**Extracted data**
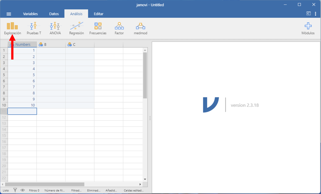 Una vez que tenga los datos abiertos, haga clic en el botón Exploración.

---

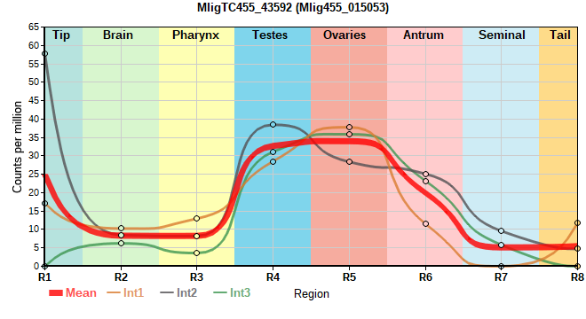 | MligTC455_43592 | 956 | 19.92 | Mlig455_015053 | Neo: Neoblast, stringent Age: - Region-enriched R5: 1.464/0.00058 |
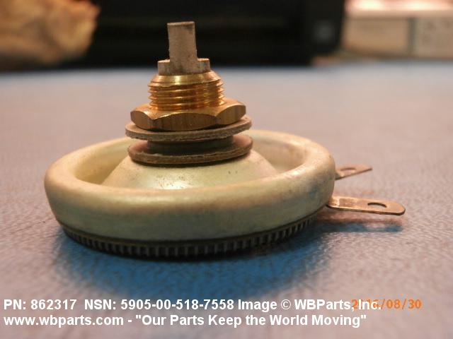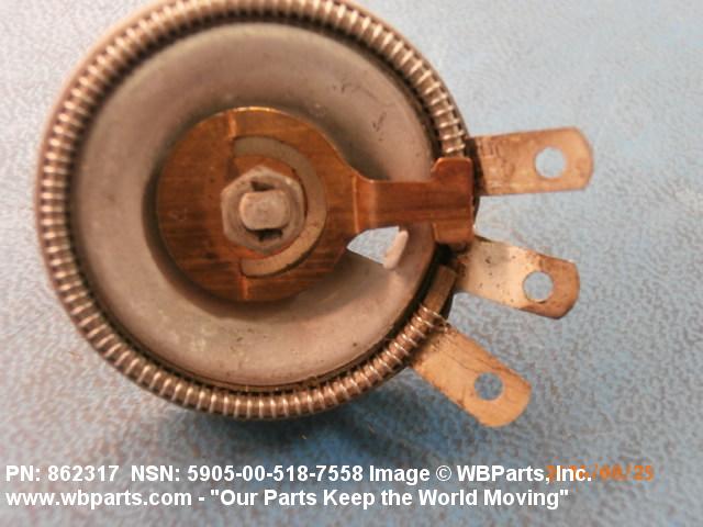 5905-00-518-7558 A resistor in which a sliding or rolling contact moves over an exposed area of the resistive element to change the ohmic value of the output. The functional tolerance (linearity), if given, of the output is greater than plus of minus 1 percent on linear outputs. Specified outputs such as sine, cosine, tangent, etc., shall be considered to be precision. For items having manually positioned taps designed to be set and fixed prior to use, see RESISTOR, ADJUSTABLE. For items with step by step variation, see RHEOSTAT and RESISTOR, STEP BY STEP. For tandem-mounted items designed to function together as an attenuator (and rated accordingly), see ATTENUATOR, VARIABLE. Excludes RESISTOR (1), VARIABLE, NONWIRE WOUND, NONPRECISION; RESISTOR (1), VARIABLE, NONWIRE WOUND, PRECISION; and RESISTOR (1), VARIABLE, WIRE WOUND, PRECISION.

**Task directions**
Transcribe the listing above exactly, but only from the line with "R5: 1.464/0.00058 |" through the line with "5905-00-518-7558 A resistor". Include both of those lines and omit the pictures.

**Written answer**
 | MligTC455_43592 | 956 | 19.92 | Mlig455_015053 | Neo: Neoblast, stringent Age: - Region-enriched R5: 1.464/0.00058 |
 5905-00-518-7558 A resistor in which a sliding or rolling contact moves over an exposed area of the resistive element to change the ohmic value of the output. The functional tolerance (linearity), if given, of the output is greater than plus of minus 1 percent on linear outputs. Specified outputs such as sine, cosine, tangent, etc., shall be considered to be precision. For items having manually positioned taps designed to be set and fixed prior to use, see RESISTOR, ADJUSTABLE. For items with step by step variation, see RHEOSTAT and RESISTOR, STEP BY STEP. For tandem-mounted items designed to function together as an attenuator (and rated accordingly), see ATTENUATOR, VARIABLE. Excludes RESISTOR (1), VARIABLE, NONWIRE WOUND, NONPRECISION; RESISTOR (1), VARIABLE, NONWIRE WOUND, PRECISION; and RESISTOR (1), VARIABLE, WIRE WOUND, PRECISION.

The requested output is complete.